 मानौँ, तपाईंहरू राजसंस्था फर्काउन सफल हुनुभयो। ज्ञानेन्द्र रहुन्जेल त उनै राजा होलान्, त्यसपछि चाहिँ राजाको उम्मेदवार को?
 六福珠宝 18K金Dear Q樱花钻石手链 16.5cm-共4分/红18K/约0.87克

---

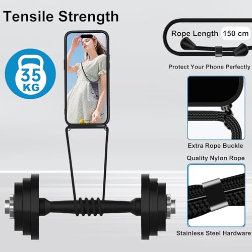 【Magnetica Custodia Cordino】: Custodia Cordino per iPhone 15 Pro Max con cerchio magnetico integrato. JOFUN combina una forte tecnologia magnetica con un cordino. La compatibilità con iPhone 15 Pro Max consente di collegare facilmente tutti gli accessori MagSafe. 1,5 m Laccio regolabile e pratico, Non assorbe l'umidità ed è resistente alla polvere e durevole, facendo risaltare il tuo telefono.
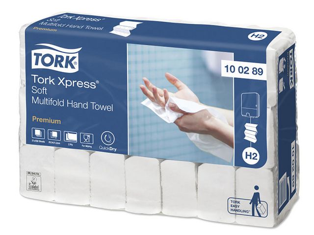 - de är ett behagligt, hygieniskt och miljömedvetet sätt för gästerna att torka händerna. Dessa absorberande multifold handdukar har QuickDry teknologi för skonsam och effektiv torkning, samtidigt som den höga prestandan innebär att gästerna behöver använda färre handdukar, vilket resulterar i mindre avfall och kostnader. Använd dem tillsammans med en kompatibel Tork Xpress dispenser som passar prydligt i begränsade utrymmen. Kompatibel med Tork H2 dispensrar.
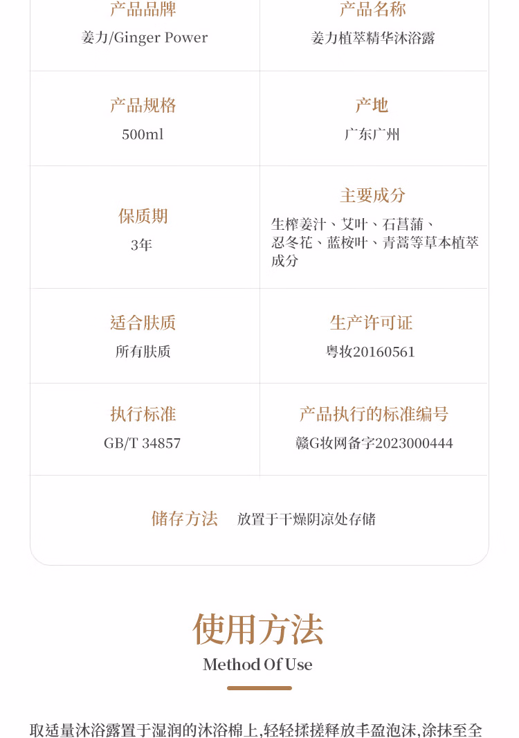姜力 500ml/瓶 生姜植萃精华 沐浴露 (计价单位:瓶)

> _What the task asks_:
Among the records above, only the lines between the line holding "मानौँ, तपाईंहरू राजसंस्था" and the line holding "六福珠宝 18K金Dear Q樱花钻石手链 16.5cm-共4分/红18K/约0.87克", inclusive, are to be output, exactly as written.

> _Answer to the exercise_:
 मानौँ, तपाईंहरू राजसंस्था फर्काउन सफल हुनुभयो। ज्ञानेन्द्र रहुन्जेल त उनै राजा होलान्, त्यसपछि चाहिँ राजाको उम्मेदवार को?
 六福珠宝 18K金Dear Q樱花钻石手链 16.5cm-共4分/红18K/约0.87克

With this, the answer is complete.